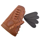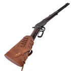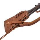 Leather Gun Buttstock 【Material】Made of genuine cowhide leather and suede inner cushion makes you feel very comfortable when carry, heavy-duty hand stitching are durable. 【.357 Gun Buttstock Holder 】Designed to hold up to 5pcs.357, .30-30, .38 .32Win Spcl.32-40. 【Gun Buttstock Size】8" x 5 5/8" x 1 7/8". Weight: 0.3kg. 4mm Thick Duarable leather lace for easy installtions. 【Leather Recoil Pad System】 Recoil Reducer Shoot Shoulder Pad designedfor the field shooter. Lightweight, leather recoil system is designed to allow quick, easy gun mounting in the field, provides valuable protection. 【For Right Handed Shooter】Fit Right Handed people. Ideal for those who are especially sensitive to firearm kickback. Your gunsling can loop over the leather loop which attached to our gunstock instead of drilling holein your gun. 【Package inclue】1x Leather Cheek Rest pad / 4x Stock Extender. 【Waxed Canvas String】Some customers reflect that the leather string of the buttstock is easy to break during installation, so we change to dia 5mm Oil Waxed string, which is easier to tye and duarable.
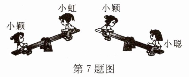 7. 小颖、小虹和小聪三人去公园玩跷跷板,如图所示,她们三人的体重分别为$a,b,c$.从示意图可知她们三人体重的大小关系是
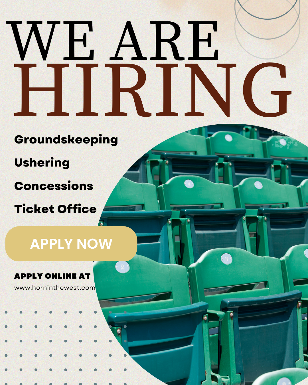 Work for us “Up Top” in groundskeeping, ushering, ticket office, and the concessions stand!

★ ★ ★ ★ ★

- [TASK]:
Copy all of the material word for word, and include none of its pictures.

- [YOUR SOLUTION]:
 Leather Gun Buttstock 【Material】Made of genuine cowhide leather and suede inner cushion makes you feel very comfortable when carry, heavy-duty hand stitching are durable. 【.357 Gun Buttstock Holder 】Designed to hold up to 5pcs.357, .30-30, .38 .32Win Spcl.32-40. 【Gun Buttstock Size】8" x 5 5/8" x 1 7/8". Weight: 0.3kg. 4mm Thick Duarable leather lace for easy installtions. 【Leather Recoil Pad System】 Recoil Reducer Shoot Shoulder Pad designedfor the field shooter. Lightweight, leather recoil system is designed to allow quick, easy gun mounting in the field, provides valuable protection. 【For Right Handed Shooter】Fit Right Handed people. Ideal for those who are especially sensitive to firearm kickback. Your gunsling can loop over the leather loop which attached to our gunstock instead of drilling holein your gun. 【Package inclue】1x Leather Cheek Rest pad / 4x Stock Extender. 【Waxed Canvas String】Some customers reflect that the leather string of the buttstock is easy to break during installation, so we change to dia 5mm Oil Waxed string, which is easier to tye and duarable.
 7. 小颖、小虹和小聪三人去公园玩跷跷板,如图所示,她们三人的体重分别为$a,b,c$.从示意图可知她们三人体重的大小关系是
 Work for us “Up Top” in groundskeeping, ushering, ticket office, and the concessions stand!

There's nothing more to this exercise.